The Messenger Matters More Than the Message
Humans are tribal. We only listen to people or groups we trust. If someone doesn’t trust us, we’re wasting our time trying to influence their opinion.
In medicine, we often fail at this. We think because we are doctors or are world experts in a field that someone will listen to us. For certain people, an academic degree and scientific accomplishments will influence them, but in many exam rooms and at the bedside in many hospitals, this strategy fails.
However, the same words said by someone else such as a family member, a friend, a politician, a journalist, a TV personality or a respected community voice can actually lead someone to change their behavior. It has been encouraging to see the increasing widespread positivity from all sectors to get vaccinated, but every time a respected voice doubts the vaccine or encourages folks to hold out, the fight becomes that much more difficult.
In summary, if we don’t have the right messenger, the message is irrelevant.
Emotion wins over facts.
Any good sales person will tell you this. People buy off emotion more than facts most of the time. And, take it from someone who has sat in an exam room and at the hospital bedside begging someone to stop eating so much salt, or cut back on alcohol intake, or take their life-saving medications at home knowing that not doing these things will almost certainly land them back in a hospital or even kill them.
One strategy that has failed over and over is reciting facts, statistics, and odds ratios on a person’s risk of death or bodily harm. They are valuable in scientific journals and abstracts, but only occasionally lead to behavior change at the individual level.
Put more bluntly, more ‘patient education’ is not a viable solution.
Yes, there are misinformation campaigns (which relates back to the point above of where your trusted source of truth lies), but few people are passing on the vaccine because they didn’t know a vaccine existed at this point. They just trust someone else’s narrative more than the people who are saying to get vaccinated.

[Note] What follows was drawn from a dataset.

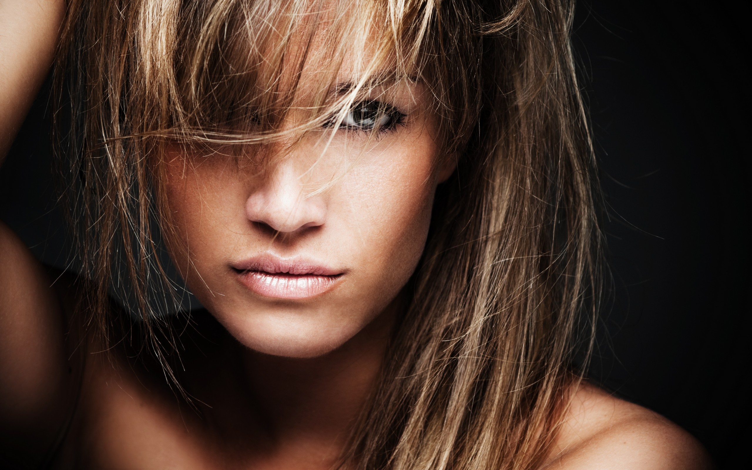Description: A woman with long hair and a black background is posing for a picture with her hair blowing in the wind.

Rather, many patients respond far more favorably to emotion and connecting how their actions take them away from what matters to them. Instead of quoting facts, we need more stories. We need people that were previously hesitant to talk to their friends about why they changed their minds and get those stories out there. My suspicion is some people have changed their mind based on seeing others they trust getting the vaccine or seeing someone they know become quite ill from COVID-19. We need to amplify those voices and messages.

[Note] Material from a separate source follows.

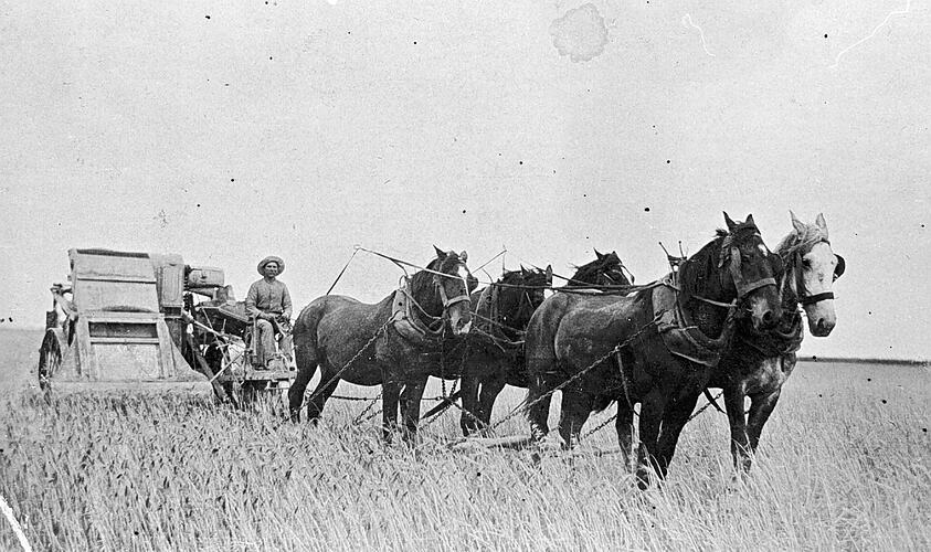 Charlie Gillett and his horses harvesting grain.
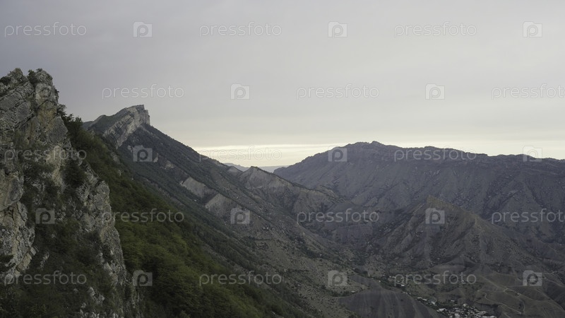 Вид на горную долину с небольшой деревней. Идите дальше. Красивый пейзаж горной долины в летний день. Горная долина с деревней в пасмурный день

Americans love choice and hate being told what to do.
Whether it be related to healthcare or any other aspect of our lives, Americans love choice. We see this play out in all aspects of our lives, and I see it frequently in other aspects of healthcare, particularly around patients wanting to pick their own doctors and hospitals. Americans are willing to spend significantly more money on an insurance plan to ensure they have a wide network of physicians as opposed to a narrow network and being told they can only see this doctor or go to that hospital (more on this in a future blog).

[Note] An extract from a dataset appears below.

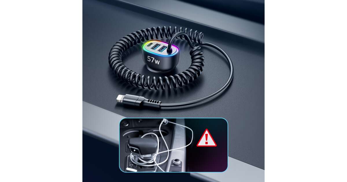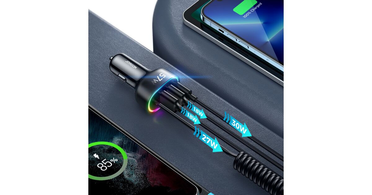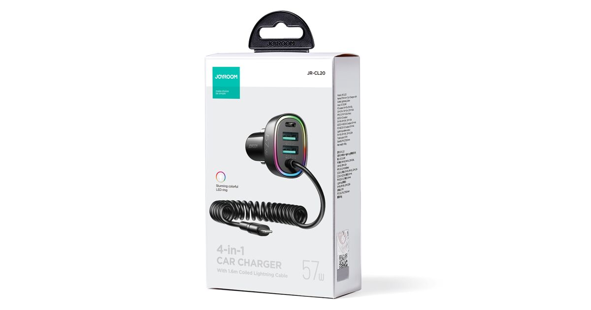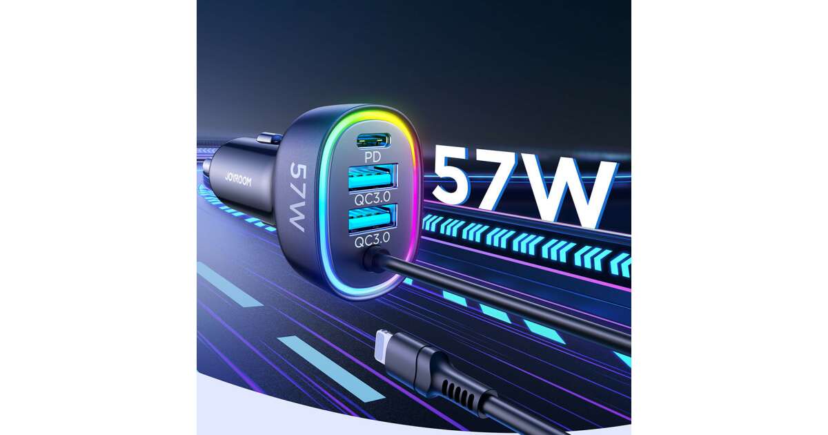 Ez a Joyroom JR-CL20 autós töltő a tökéletes megoldás, ha egyszerre több eszközt szeretnél tölteni az autódban. 57W maximális teljesítményével és beépített Lightning kábelével gyors és hatékony töltést biztosít.

Changing people’s opinions, views, and ultimately converting this into taking an action such as getting vaccinated is hard, slow work. And, sometimes people may just be willing to die over the choice of not getting vaccinated.
Erik Frederick, a hospital leader in Springfield, Missouri, summed it up best in a recent Modern Healthcare article:
“We try to convince people, but it is almost like you are talking a different language," he lamented. “There is no way they are going to get a vaccine. Their personal freedom is more important."
He is right.
Sometimes people will risk death over caving to what ‘others’ tell them to do.
I guess, in hindsight, none of this is new. Patrick Henry said it best back in 1775, ‘Give me liberty or give me death,’ and now slightly amended 246 years the same theme applies to what we’re seeing with many vaccine holdouts, ‘Give me liberty and/or give me death.’